By the time I was done his second drink was mostly gone. I’d switched from Coke to coffee, and my cup was empty, too.
“Ellery gets sober,” Redmond said, “and he wants to get right with God. What’s he gonna do, turn himself in for the Love Nest Murders?”
“Not necessarily. He hasn’t even gotten specific with his sponsor. But he wants to find some way to make amends for what he did that night.”
“How does Steffens find out?”
“They’re both in a world where word gets around,” I said. “ ‘Hey, you hear about High-Low Jack? He’s going up to all the assholes he gave a screwing to years ago, looking to make things up to them.’ Or he could have gone to Steffens himself. ‘I just wanted to tell you that something may come out about what we did on Jane Street, but you’ve got nothing to worry about, because I’ll be sure to keep your name out of it.’ ”
“If I’m Steffens, I don’t know that I find that tremendously reassuring.”

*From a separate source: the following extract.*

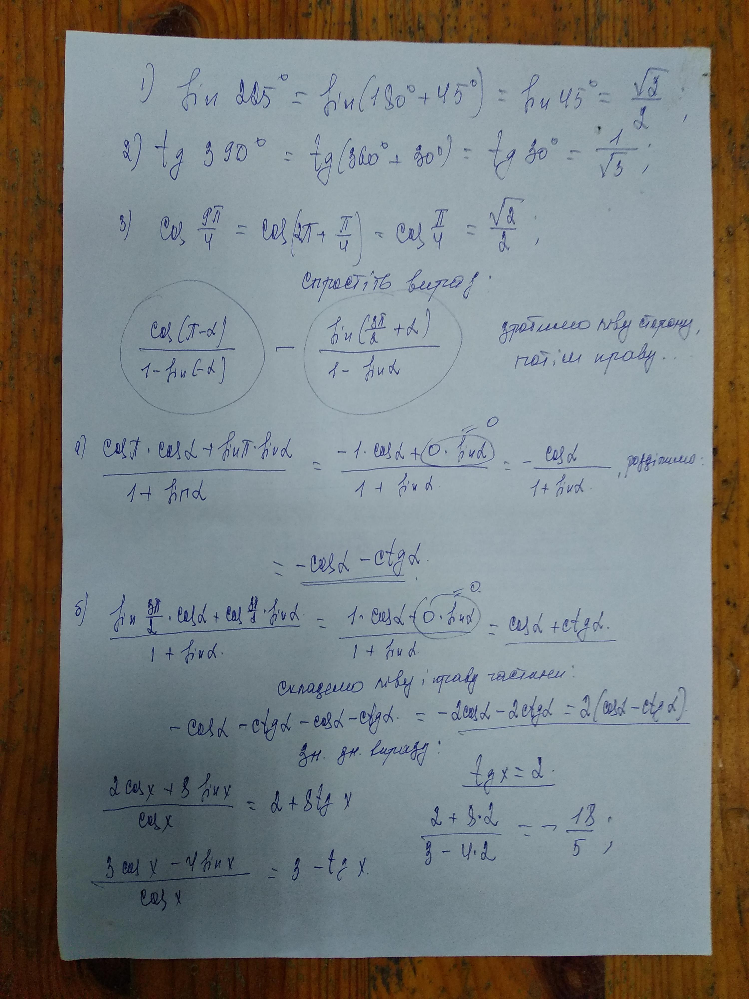 зверни увагу, в 1 прикладі кут 180+ і попадає в 3 чверть, а синус тут з мінусом, тому відповідь -корінь з 2/2

“No, of course not. If Jack ever tells anybody with a badge what he did, how long before they get the rest out of him?”
“Or even if he doesn’t, Matt. If it lands on my desk, first thing I do is look at his known associates. Maybe Steffens’s name comes up, maybe it doesn’t, but if you’re Steffens, how can you know it won’t?”
“One way to make sure.”
“And it would have worked if it hadn’t been for Stillman. Down-and-out ex-con living in a furnished room—you know how those get solved. Someone gets drunk and talks too much. Steffens never talked about Jane Street, so why should he talk about High-Low Jack?”
“He wouldn’t.”
“No, he’d have gotten away with it, and I’m not happy about it, but the fact is a lot of people get away with a lot of murders. Including the ones that don’t make it into the book as murders, which I guess is the case with Gregory Stillman. But the other one came first, didn’t it? Sattenstein?”